Given data:
/---

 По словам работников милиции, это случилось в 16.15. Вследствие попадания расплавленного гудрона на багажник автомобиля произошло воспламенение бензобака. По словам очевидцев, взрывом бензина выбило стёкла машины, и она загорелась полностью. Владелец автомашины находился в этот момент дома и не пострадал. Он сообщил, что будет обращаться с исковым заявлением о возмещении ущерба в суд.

\---
/---

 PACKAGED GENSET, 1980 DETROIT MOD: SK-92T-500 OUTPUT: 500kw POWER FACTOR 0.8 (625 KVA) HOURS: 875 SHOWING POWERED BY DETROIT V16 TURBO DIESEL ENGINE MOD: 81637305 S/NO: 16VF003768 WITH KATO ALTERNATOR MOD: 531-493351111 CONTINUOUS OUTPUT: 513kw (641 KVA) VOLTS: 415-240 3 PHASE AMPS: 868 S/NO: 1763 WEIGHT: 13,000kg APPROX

\---
/---

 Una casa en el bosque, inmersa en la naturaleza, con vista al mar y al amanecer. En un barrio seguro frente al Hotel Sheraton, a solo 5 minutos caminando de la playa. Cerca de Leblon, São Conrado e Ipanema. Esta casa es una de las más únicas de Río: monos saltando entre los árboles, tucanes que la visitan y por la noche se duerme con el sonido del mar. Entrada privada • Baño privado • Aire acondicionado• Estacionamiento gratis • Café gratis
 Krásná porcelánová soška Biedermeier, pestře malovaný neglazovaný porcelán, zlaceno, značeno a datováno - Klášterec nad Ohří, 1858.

\---

Assignment: Reproduce verbatim only the segment of the listing bounded by the line containing "Una casa en" and the line containing "Krásná porcelánová soška", with both boundary lines included.

Your solution:
 Una casa en el bosque, inmersa en la naturaleza, con vista al mar y al amanecer. En un barrio seguro frente al Hotel Sheraton, a solo 5 minutos caminando de la playa. Cerca de Leblon, São Conrado e Ipanema. Esta casa es una de las más únicas de Río: monos saltando entre los árboles, tucanes que la visitan y por la noche se duerme con el sonido del mar. Entrada privada • Baño privado • Aire acondicionado• Estacionamiento gratis • Café gratis
 Krásná porcelánová soška Biedermeier, pestře malovaný neglazovaný porcelán, zlaceno, značeno a datováno - Klášterec nad Ohří, 1858.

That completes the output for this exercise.